The powerful strain of individualism in American culture means we often rely solely on a single person as a family caregiver, or on our siloed close families, in times of crisis. The pandemic exposed the cracks in our broken systems of caring for each other. The effects of those cracks are enormous: some 53 million Americans are unpaid family caregivers for an adult friend or family member. That number will only grow as the baby boomers continue to age, and GenX and millennial caregivers will increasingly be squeezed by care responsibilities and associated financial pressures. 

As I became keenly aware through my family’s ordeal, and as the pandemic made brutally clear, the work of those family caregivers receives almost no societal support, nor does childcare. The U.S. is the only industrialized nation without a policy mandating paid maternity leave, and one of very few without a paid family leave policy. Moreover, paid care workers are underpaid and have few job protections. 

The Biden administration is starting to deliver on its campaign promises to rethink social supports for care in all its forms: unpaid family caregiving for the ill, eldercare, childcare, paid care work, and more. But there’s much more to do — and the business community has a crucial opportunity to lead.

Care isn’t just at the top of the president’s policy agenda; it should also be a priority for the private sector as it seeks to recover from the shocks of 2020 and the ongoing pandemic.
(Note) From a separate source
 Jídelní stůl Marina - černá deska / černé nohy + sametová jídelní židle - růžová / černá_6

Companies have an opportunity to lead by supporting employees who care for family members. Doing so is the right thing to do morally and makes good business sense. 
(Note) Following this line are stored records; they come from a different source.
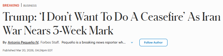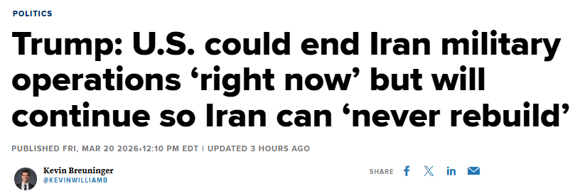 FX168财经报社(北美)讯 美国总统特朗普周五(3月20日)连续释放对伊最强硬信号,不仅明确表示无意推动停火,还称美国虽然“现在就可以结束”对伊军事行动,但那并不是可以接受的结果,因为伊朗仍有可能在未来10年内重建军事能力;而如果美方继续军事打击更长时间,伊朗将“永远无法重建”。这一表态显示,已持续近三周的美以对伊战争短期内恐难降温,也令市场进一步押注中东冲突将走向长期化与更深层次升级。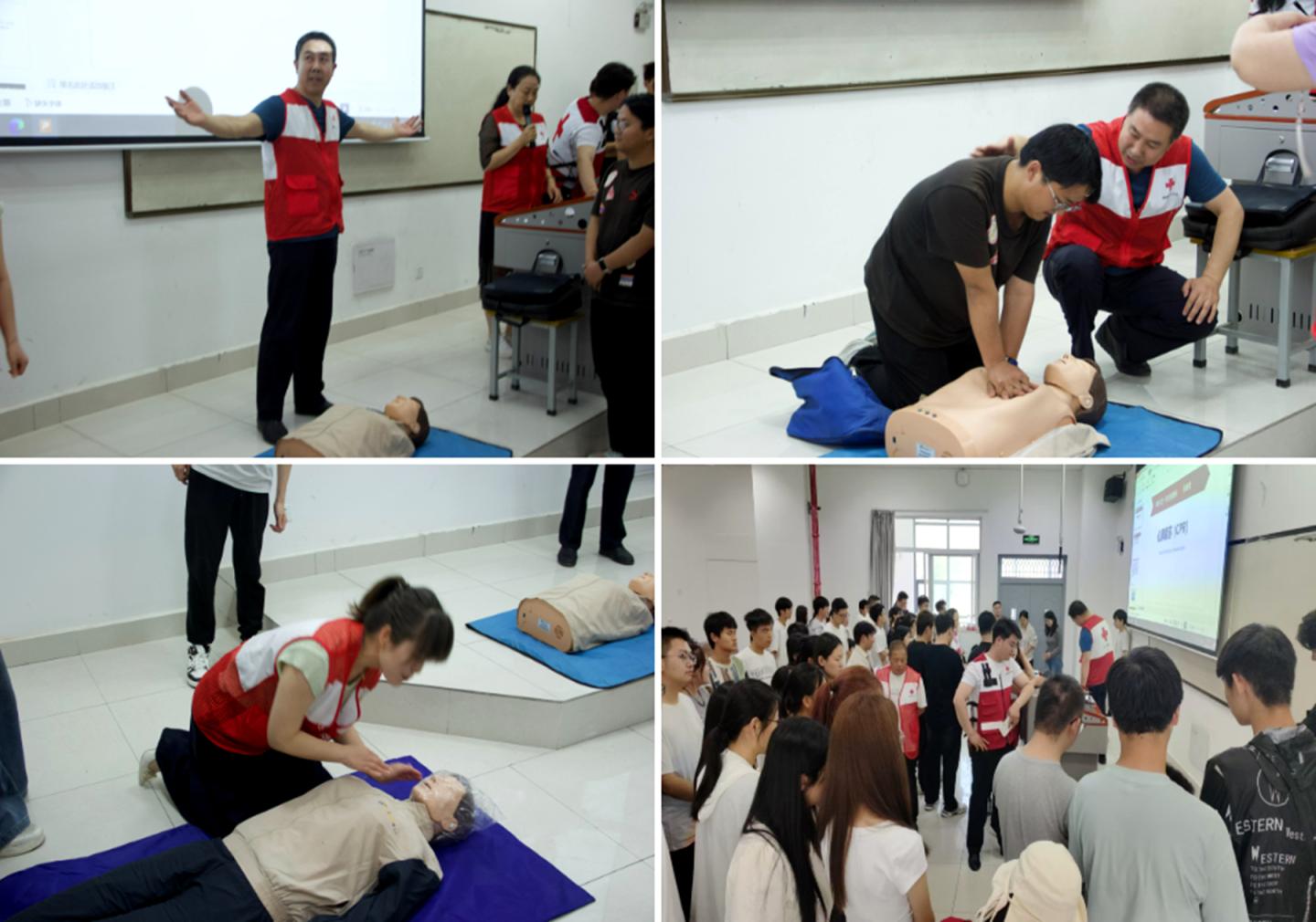培训中,张埔荣结合校园常见场景,围绕CPR急救流程、胸外按压手法及人工呼吸规范等对应急救护和实际救护常用措施进行了系统讲解,强调了“黄金救援四分钟”的重要性。雷蕾带领培训学员梳理了知识重点,并现场组织了理论考试。培训师团队利用模拟人设备演示心肺复苏全流程,重点介绍了按压的位置、手法和力度。在分组练习完成后,学员们均通过培训考核,获得初级救护员证书。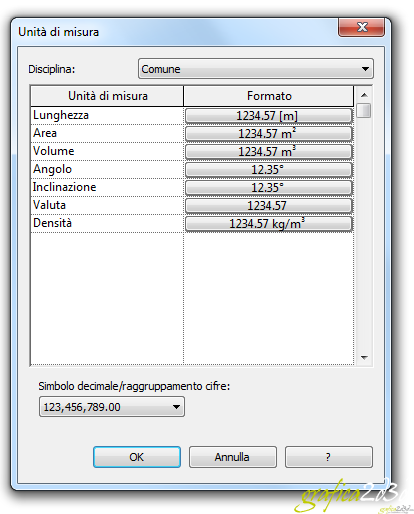 Dalla scheda che si apre possiamo impostare le unità di misura per lunghezze, aree , volumi, angoli ecc.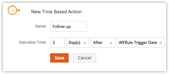 Time Based actions include alerts, tasks, field updates, webhooks and custom functions that are triggered on a specified time after the rule is executed. You can schedule the actions to be triggered based on the Rule Trigger Date, record Created Time, record Modified Time as well as other time or date fields in the module. You can see the list of scheduled actions for individual records under "Upcoming Actions".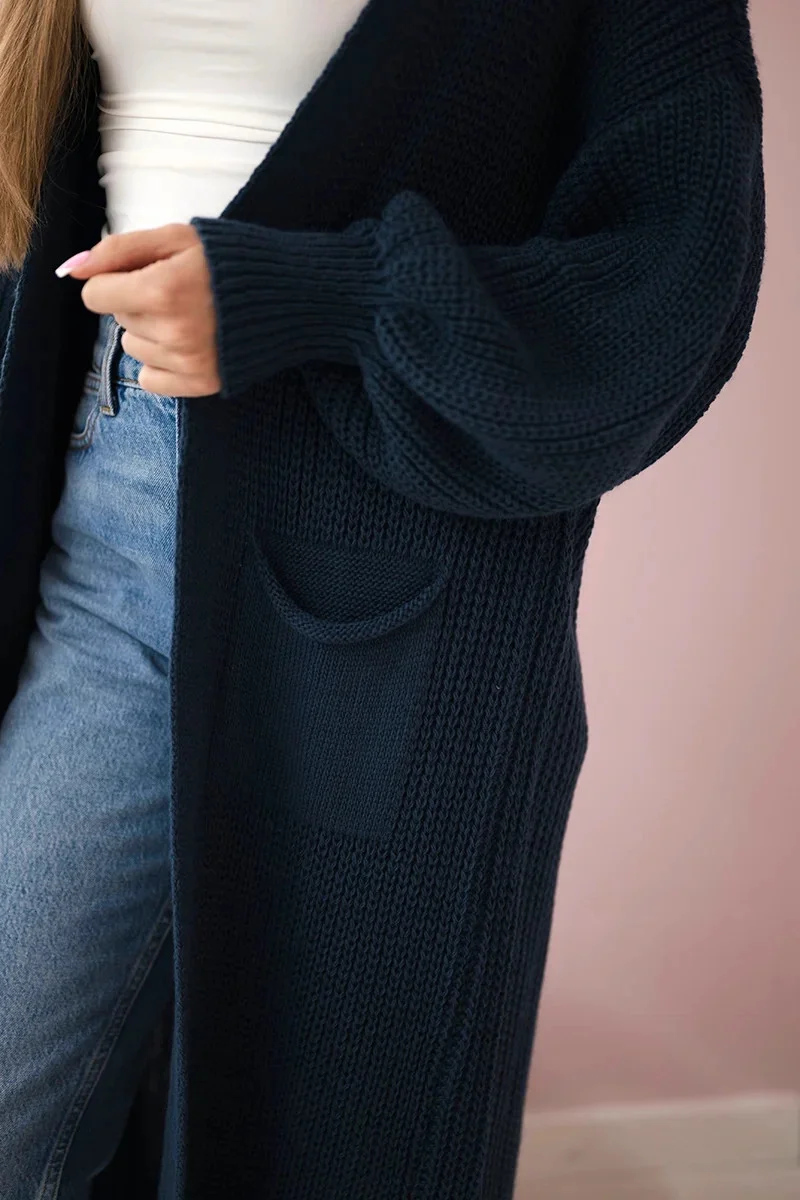 Produkt Dámský svetr dlouhý kardigan IT-8 Tmavě modrá - K-Fashion prodáváme v těchto velikostech: unia barvách tmavě modrá

Hundreds of companies have recognized the importance of providing more support for employees, calling on Congress to enact paid leave as part of pandemic relief. A coalition of small businesses has also advocated for publicly funded paid leave that would help them compete to attract workers. 

A national paid-leave policy has wide bipartisan support, and the FAMILY Act, a leave bill sponsored by Sen. Kirsten Gillibrand (D-N.Y.) and Rep. Rosa de Lauro (D-Conn.) is before Congress now. But as Levi Strauss CEO Chip Bergh recently argued, companies don’t need to wait for a mandate to enact strong paid-leave policies of their own. Currently only 21% of workers at private companies have access to paid family leave from their employers. By implementing their own policies investing in their employees, companies can pave the way toward a comprehensive paid-leave policy.  

Providing family leave and other benefits that help employees care for their families attracts and retains valuable workers. It’s a particularly important measure for growing diversity and inclusivity, since caregivers are disproportionately women and even more disproportionately women of color. 

Beacon Press

Our year of the pandemic has exposed, in painful detail, the economic and emotional damage wrought by failures to support care. The millions of women who have left the workforce since March 2020 attest that the cost is heavy for individuals and families as well as the companies losing valuable employees. 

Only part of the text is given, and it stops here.